У Арсения дернулись губы, и к лицу прилила, кажется, вся кровь, что была в нем.
– Вообще-то я инженер, – пробормотал он.
«Когда ты этим гордился?» – подумала Наташа с некоторым презрением и напористо произнесла:
– Это достойное ремесло – устраивать людям праздники.
– Наверное. Снимайте же костюм. Действительно как-то нелепо сидеть за столом с Зайцем.
«Без Арни она превратилась в огрызок сухаря, – подумала Наташа с тоской. – Это он разжигал в ней огонь…»
Неуклюже выбравшись из комбинезона, Арсений повесил его на крючок в прихожей. Он остался в черных джинсах и синей футболке, похожий на студента, у которого не хватило денег уехать на Новый год домой и он вынужден прибиться к чужой компании. Только мельком взглянув на него, Катя вернулась к столику и достала третью рюмку.
– Может, решитесь? Забавно… На «мальчишниках» прячут девчонку в торте, а у нас будет мальчик.
Арсений наконец смог заговорить:
– Так это «девичник»? Тогда надо сказать тост…
– Погодите с тостом, – опомнилась Катя. – Мы же хотели разобраться с вашей головой! Что вас беспокоит?

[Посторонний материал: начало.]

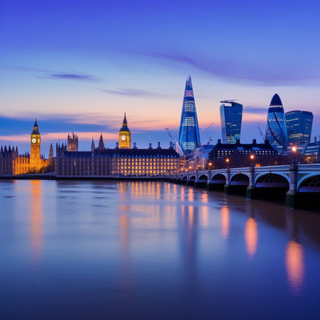 Aerial drone views of London's iconic skyline, blending historic and modern architecture..
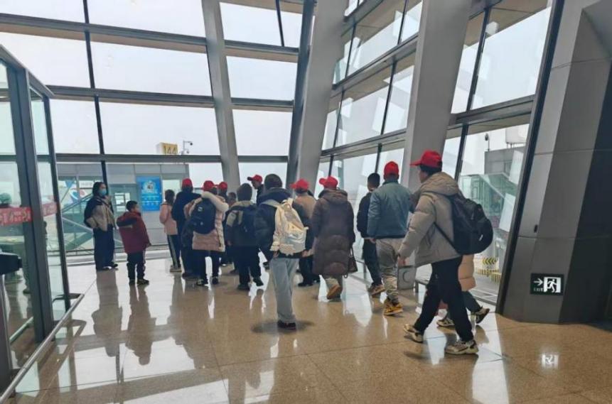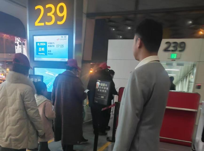 5点10分左右,医疗团队一行94人到达机场。在祥鹏航空工作人员的协助下,快速完成值机手续办理、通过安检,并优先登机。

«Ну давай! Посмотри в его глаза, да повнимательнее… Неужели ты ничего в них не видишь?» – От напряжения у Наташи уже сошлись лопатки, а Катино лицо оставалось таким же заботливо-спокойным.
– Да ерунда какая-то, – отозвался он небрежно. – Как будто сцену из фильма увидел… Или из чьей-то жизни…
Наташа подалась к нему:
– Может, из твоей?
– Да нет. Со мной такого не происходило. К сожалению.
– А вдруг ты забыл?
– Ты же понятия не имеешь, что там было, – рассердился он. – Такое, знаешь ли, не забудешь…
– Тогда… может, это еще случится?
Арсений посмотрел на нее как на приставучего ребенка:
– Такого вообще не бывает.
– Ты не спишь? – позвала она, не обернувшись. – Давай когда-нибудь поселимся здесь… Хотя бы в старости, когда денег накопим. Давай купим маленький домик. Не так высоко, как этот, мы ведь будем уже старенькими.
– Ста-а-инькая стаюшка, – протянул он дребезжащим голоском.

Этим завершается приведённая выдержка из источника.